The two pre-built ship bundles that were shown off were a laser mining jumpstart package that grants buyers a Type-6 transport fitted with two engineered mining lasers and several other standard modules for effective eating of space rocks, and the earlier referenced anti-xeno Chieftan that fields weapons and fittings designed to scan, attack, and defend against Thargoid enemies.
While some of the weapons and modules in these packages are linked to unlocking specific engineering upgrades, most of the fittings appear to be the sort that are readily available — and of a lower-quality class than what would be more widely used.
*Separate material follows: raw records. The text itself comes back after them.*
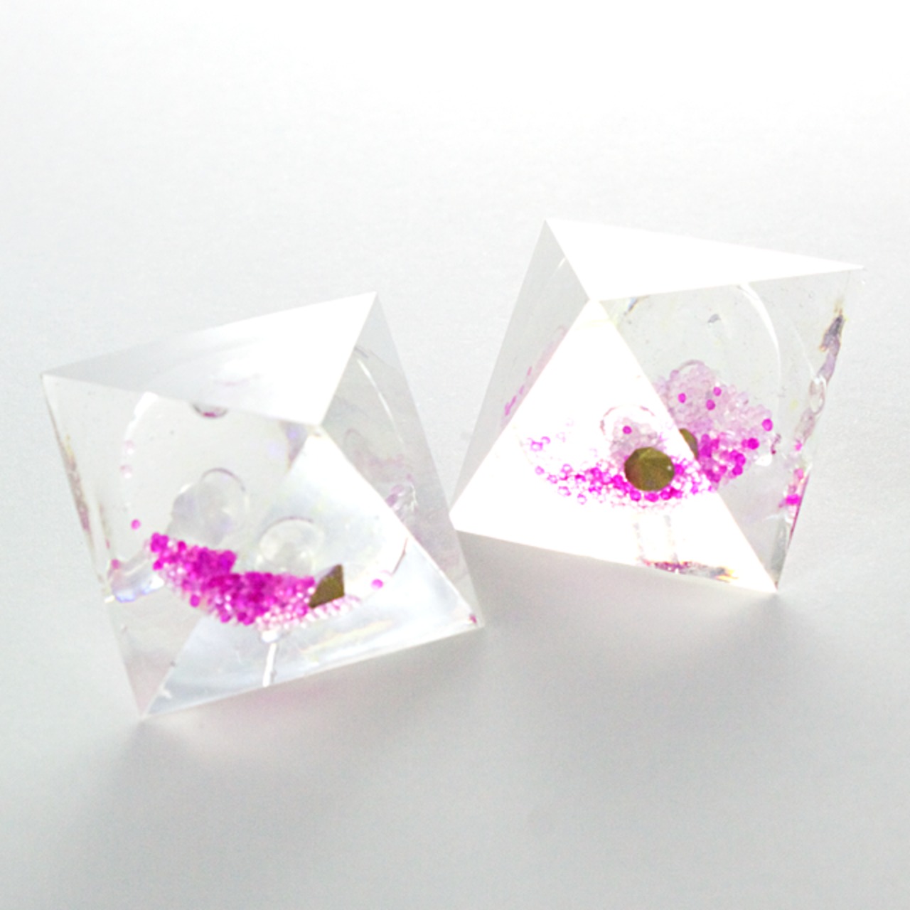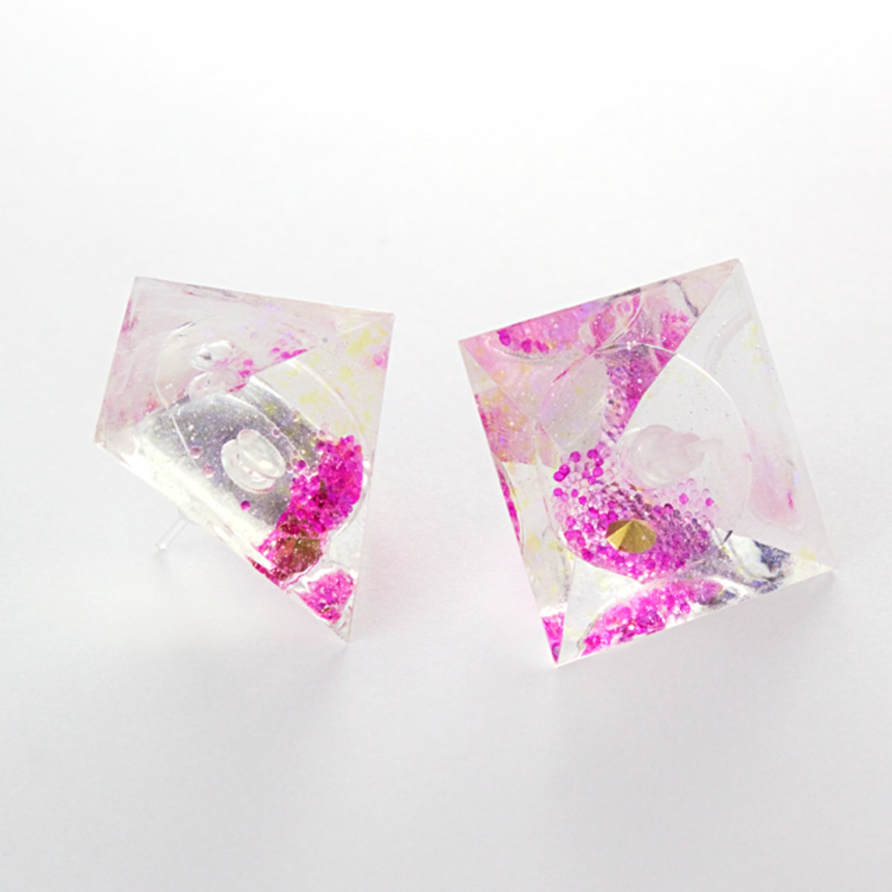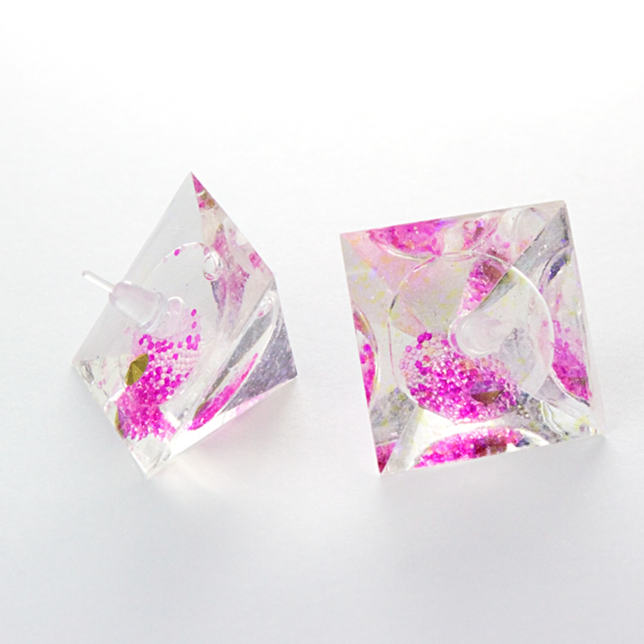 ピラミッドの中をドーム状に空洞にし、そこに液体と小さなピンクのブリオンやビジューを閉じ込めたピラミッド型のピアスです。振ったり、回したりすると内容物が水中でゆっくりと浮遊し、いろんな表情を見せてくれます!
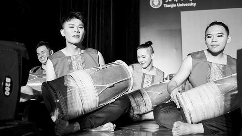 当日,“鼓往津来”国际打击乐汇演在天津大学北洋园校区上演。天津大学二十四节令鼓队、马来西亚“北野觉奏”国际打击乐团、上海交通大学二十四节令鼓队等联合为观众带来一场多元文化融合的视听盛宴。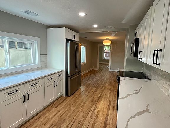 Kitchen includes a new electric range, stainless steel fridge/freezer, dishwasher, and plenty of cabinet space.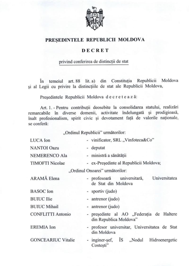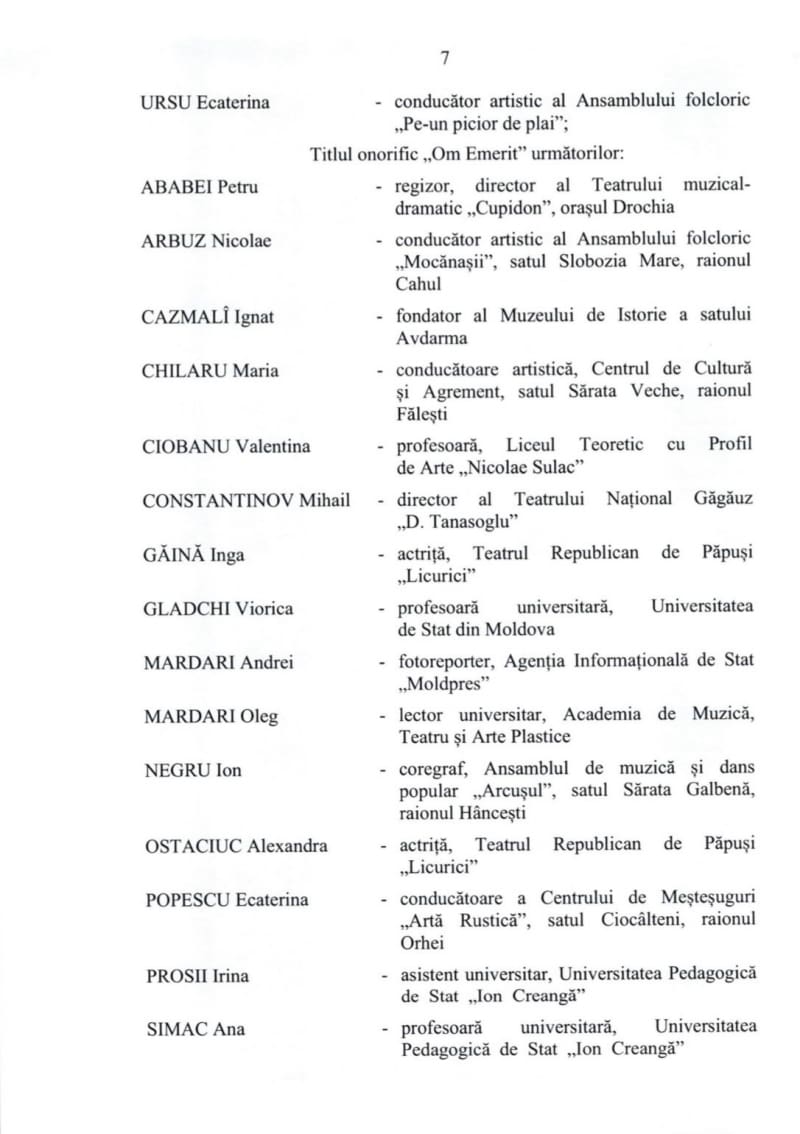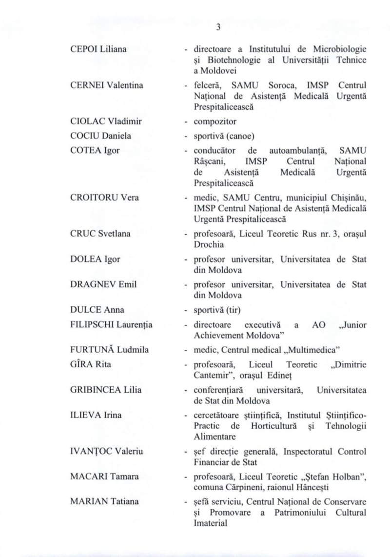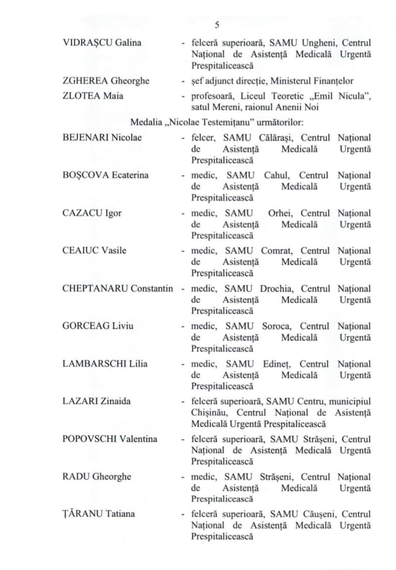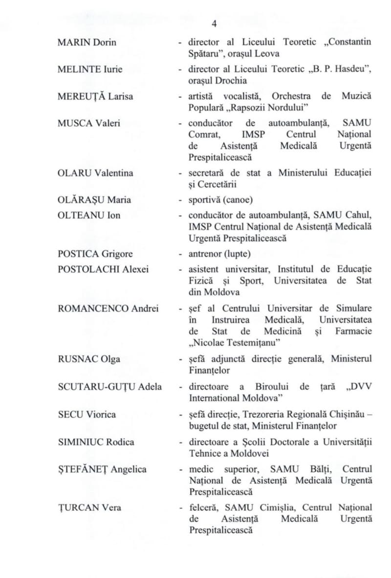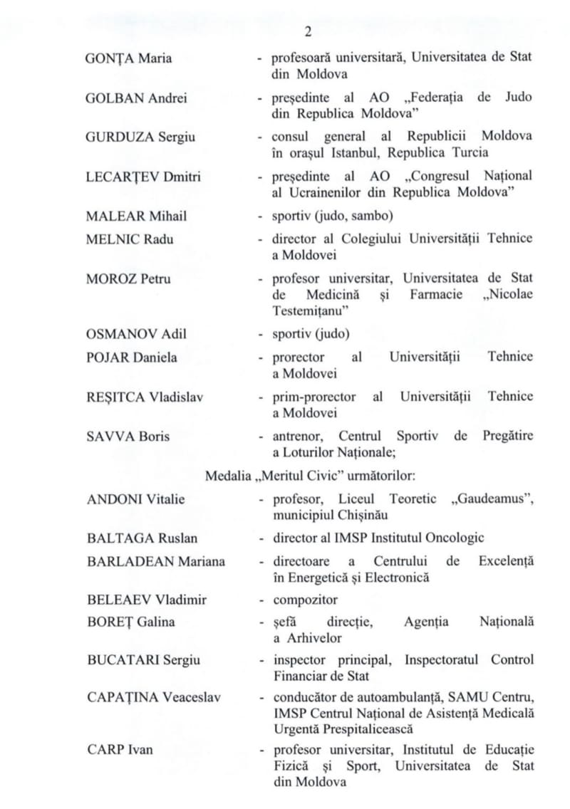 Медаль «За заслуги» (Meritul Civic) получили: Даниела Кочу, Анна Дулче и Мария Олэрашу. Медаль получил и 41 человек из различных сфер деятельности.

Player reaction to this in-depth look seems to mostly agree that these bundles are beneficial and skirt P2W; a couple of reactions go so far as to say that the Chieftan build is “garbage,” while others argue that easing the onramp to more interesting activities and getting more people in-game is beneficial. Still others continue to push back, offering thoughts on alternative cash shop items or stumping for reduced grinds instead. Players also bring up the unaddressed point of selling the upcoming Python Mk II ahead of its availability for in-game credits.
On the subject of reduced grinds, the post also provided some general thoughts on how FDev hopes to make the engineering treadmill less arduous, with ideas like reduced material needs, more material rewards from missions, and more backpack capacity. The studio is quick to point out that these are just a few of the areas it’s investigating and that improving engineering’s grind will likely be a multi-update process, but it also resolves to follow player feedback along the way.